The methods of manufacturing these electrodes, typically involve injection molding or other similar processes with subsequent coating of the formed microneedle structures with the redox couple are labor intensive, relatively high cost processes. These manufacturing issues have limited dry electrodes to niche markets. Therefore, new processes for preparing dry electrodes in an economical way to permit these electrodes to compete in the marketplace with the relatively easily produced wet electrodes are needed.

In this disclosure, methods of producing dry electrodes are described which involve the use of microreplicated particles that can be prepared in a continuous process. Such particles have been prepared for use in abrasive articles and can be utilized to form skin-penetrating structures in an electrode construction. Further, these particles can be coated with the redox materials in bulk processes. These coated particles are then coated onto conductive substrates to form dry electrodes. The formed dry electrodes as well as the methods of preparing the dry electrodes are described in greater detail below.

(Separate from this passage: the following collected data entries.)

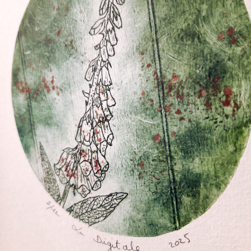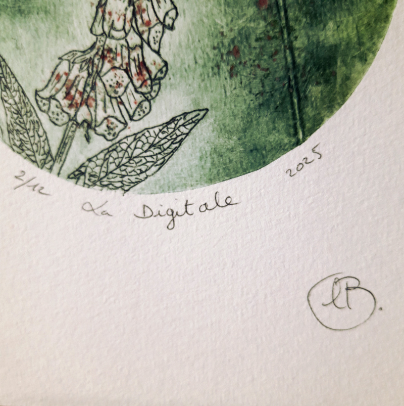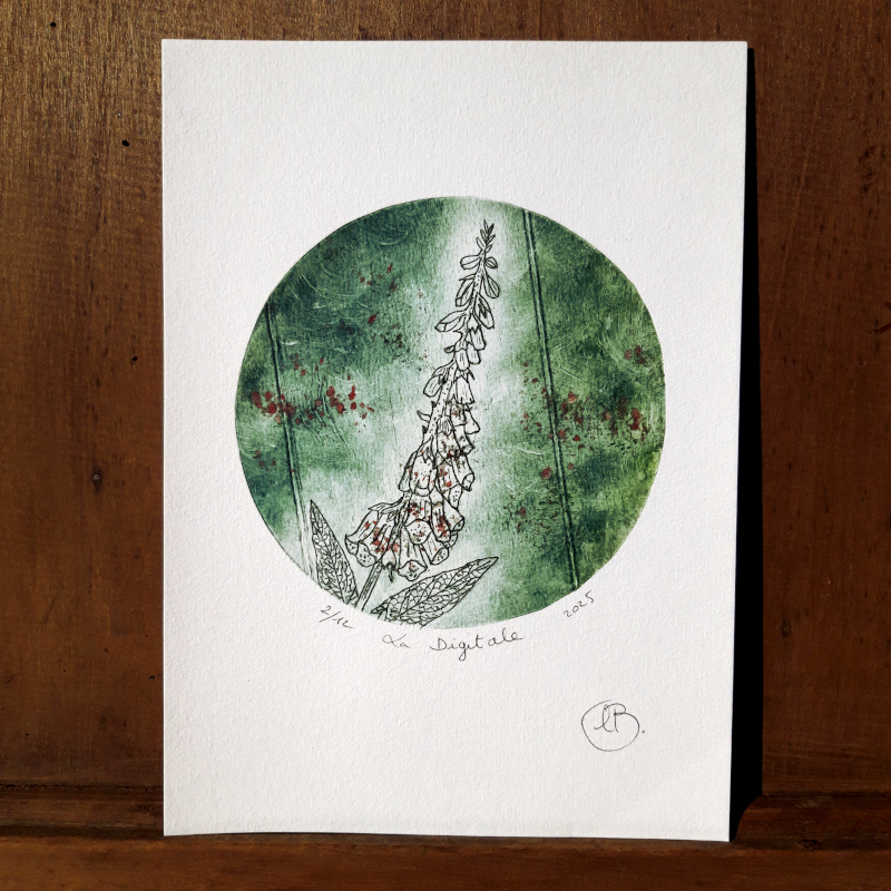« La digitale » a été imprimée en 12 exemplaires, dans des coloris et effets différents. En voici une des versions !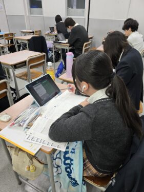 2年特進の数学は事前の準備に相当時間をかけていると思いました。それぞれの分野の動画を作っていて生徒がそれを見ながら学習し、よく分からないところを先生に質問していました。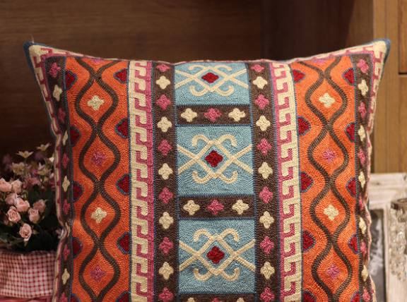 This product is made of thick pure cotton fabric, single-sided Nepalese pattern embroidery, simple and natural embroidered color, invisible zipper installed, simple and beautiful.
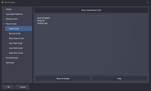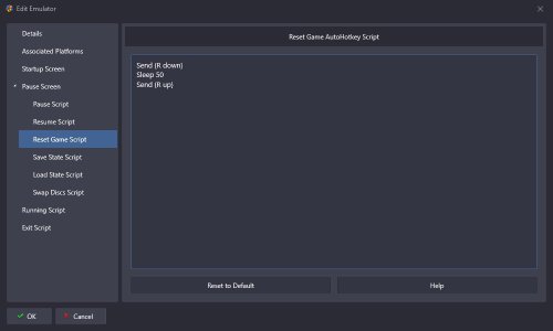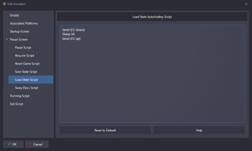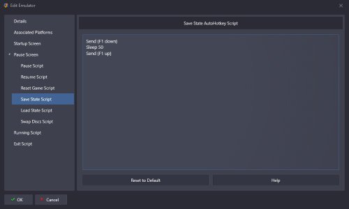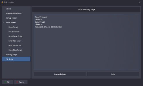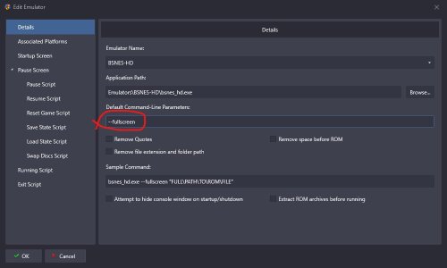 You can launch BSNES-HD out of LaunchBox in full screen mode by using the parameter "--fullscreen": I prefer custom hotkeys in the emulator - which makes the LaunchBox/BigBox Pause Screen more usefull. This is my setting: Hotkeys in BSNES-HD Pause Script Reset Script Save State Script Load State Script Exit Script
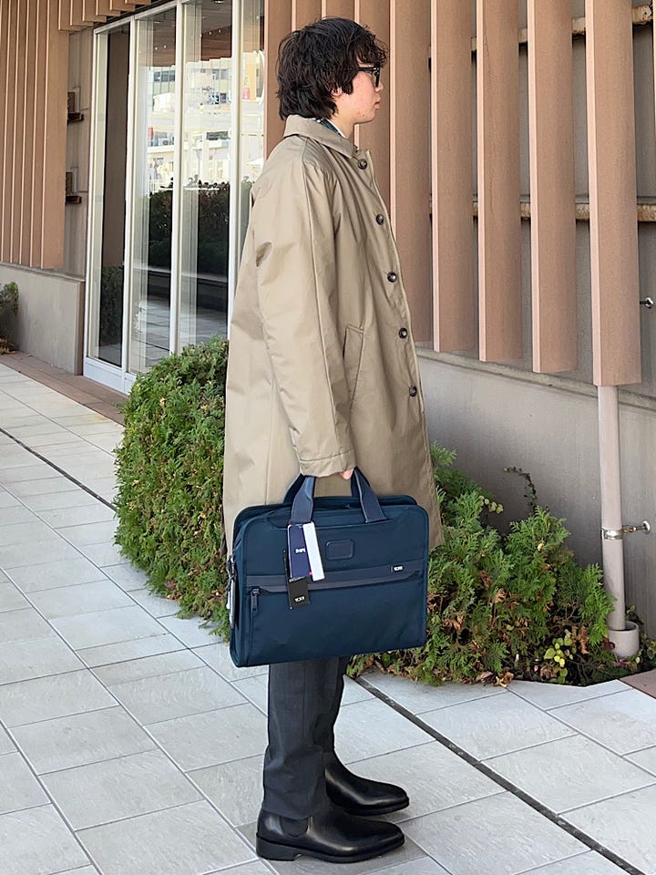 スタイリング : 多くのビジネスマンに高い評価をいただいたSHIPS別注のTUMIシリーズ ALPHA 3 新型のアイテムで、おすすめのスタイリングはスーツスタイルをオススメしております!ブリーフの中でもかなり軽量になっており、丈夫な商品です。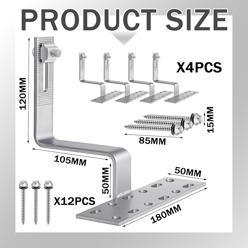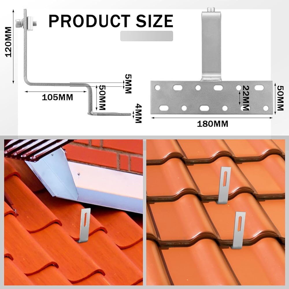 • Versatile and Functional Design: designed to enable installing 2 PV panels and works well with large sized tile roofs, these stainless steel roof tile hooks are versatile enough to work with flat, S, and W shaped tile roofs; The practical construction aims for the installation of aluminum rails, profile rails, mounting rails for mounting photovoltaic modules or solar energy systems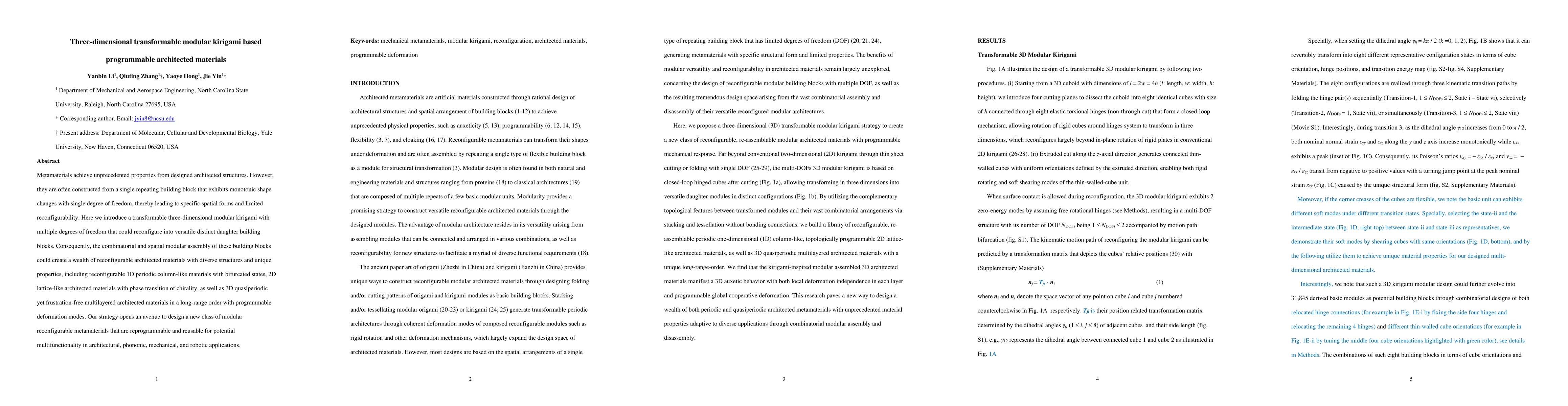This paper introduces a novel three-dimensional modular kirigami approach to create reconfigurable architected materials with multiple degrees of freedom, enabling diverse structural transformations and multifunctional applications in architecture, phononics, mechanics, and robotics. The proposed strategy allows for the assembly of versatile building blocks into various programmable forms and deformation modes.
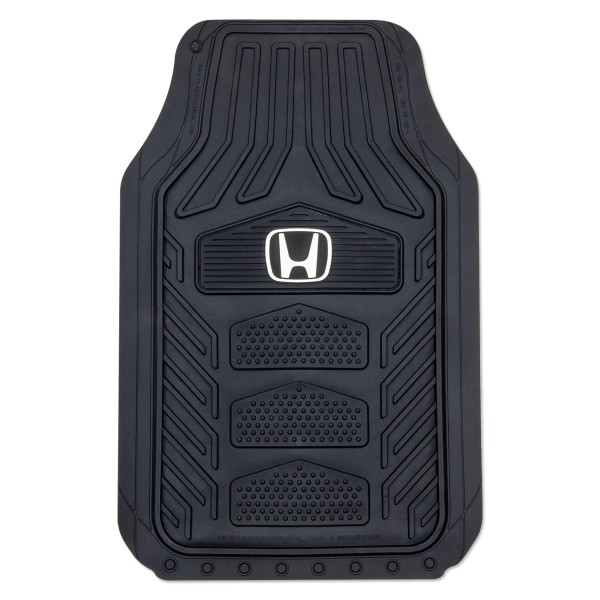 All weather 4pc floor mat with Honda Logo. Rubber material so, it can be cleaned easily. It is OK to wash it with water.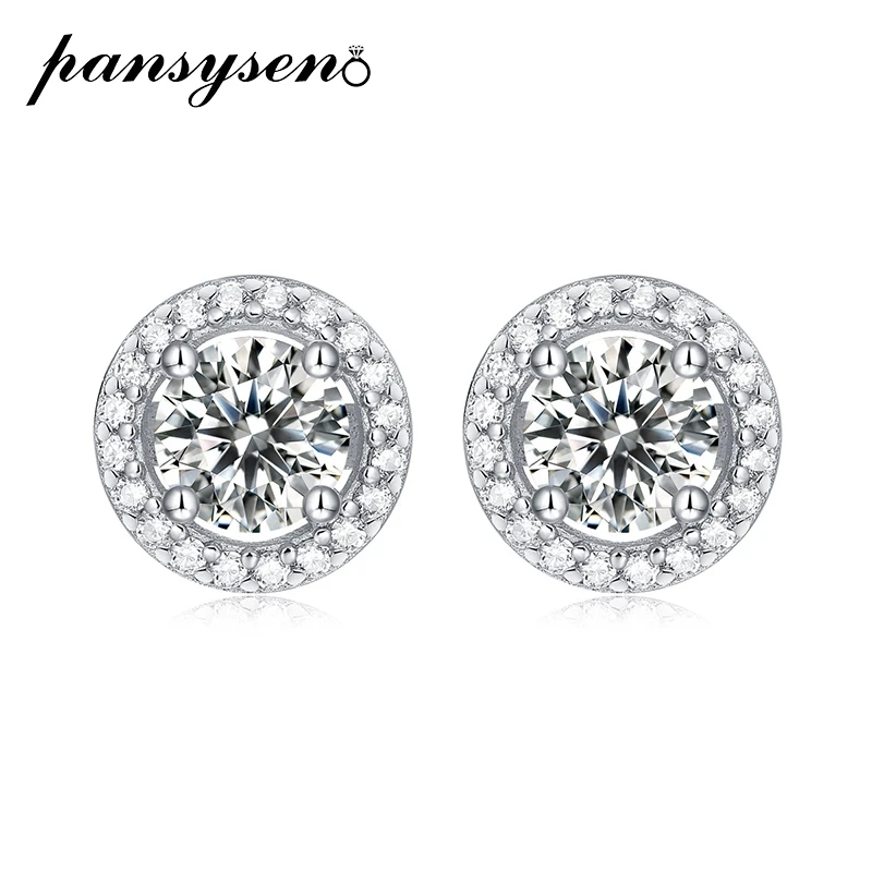 PANSYSEN Классический 925 стерлингового серебра 0.5CT настоящий Муассанит обручальные серьги-гвоздики из белого золота 18 карат Цвет, хорошее ювелирное изделие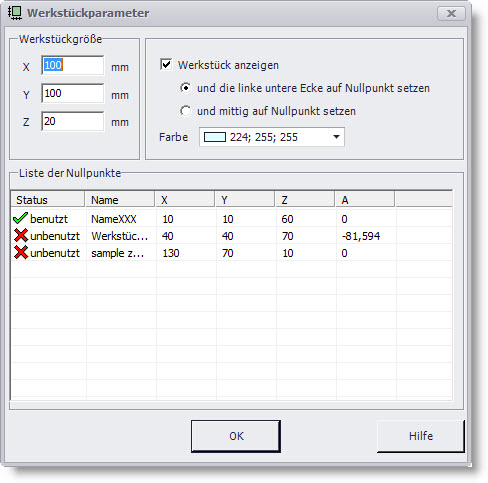 W celu ułatwienia kontroli można graficznie przedstawić wielkość oraz pozycję obrabianego materiału. Umieszczając materiał na punkt zerowy można się posłużyć lewym rogiem bądź się środkiem materiału. Zdefiniowana wielkość materiału w osiach X i Y przedstawiona jest w wybranych kolorach. Wyboru punktu zerowego dla materiału dokonać można z listy punktów zerowych.

Unless otherwise indicated, all numbers expressing feature sizes, amounts, and physical properties used in the specification and claims are to be understood as being modified in all instances by the term “about.” Accordingly, unless indicated to the contrary, the numerical parameters set forth in the foregoing specification and attached claims are approximations that can vary depending upon the desired properties sought to be obtained by those skilled in the art utilizing the teachings disclosed herein. The recitation of numerical ranges by endpoints includes all numbers subsumed within that range (e.g. 1 to 5 includes 1, 1.5, 2, 2.75, 3, 3.80, 4, and 5) and any range within that range.

As used in this specification and the appended claims, the singular forms “a”, “an”, and “the” encompass embodiments having plural referents, unless the content clearly dictates otherwise. For example, reference to “a layer” encompasses embodiments having one, two or more layers. As used in this specification and the appended claims, the term “or” is generally employed in its sense including “and/or” unless the content clearly dictates otherwise.

The term “adhesive” as used herein refers to polymeric compositions useful to adhere together two adherends. Examples of adhesives are pressure sensitive adhesives and gel adhesives. Pressure sensitive adhesive compositions are well known to those of ordinary skill in the art to possess properties including the following: (1) aggressive and permanent tack, (2) adherence with no more than finger pressure, (3) sufficient ability to hold onto an adherend, and (4) sufficient cohesive strength to be cleanly removable from the adherend. Materials that have been found to function well as pressure sensitive adhesives are polymers designed and formulated to exhibit the requisite viscoelastic properties resulting in a desired balance of tack, peel adhesion, and shear holding power. Obtaining the proper balance of properties is not a simple process.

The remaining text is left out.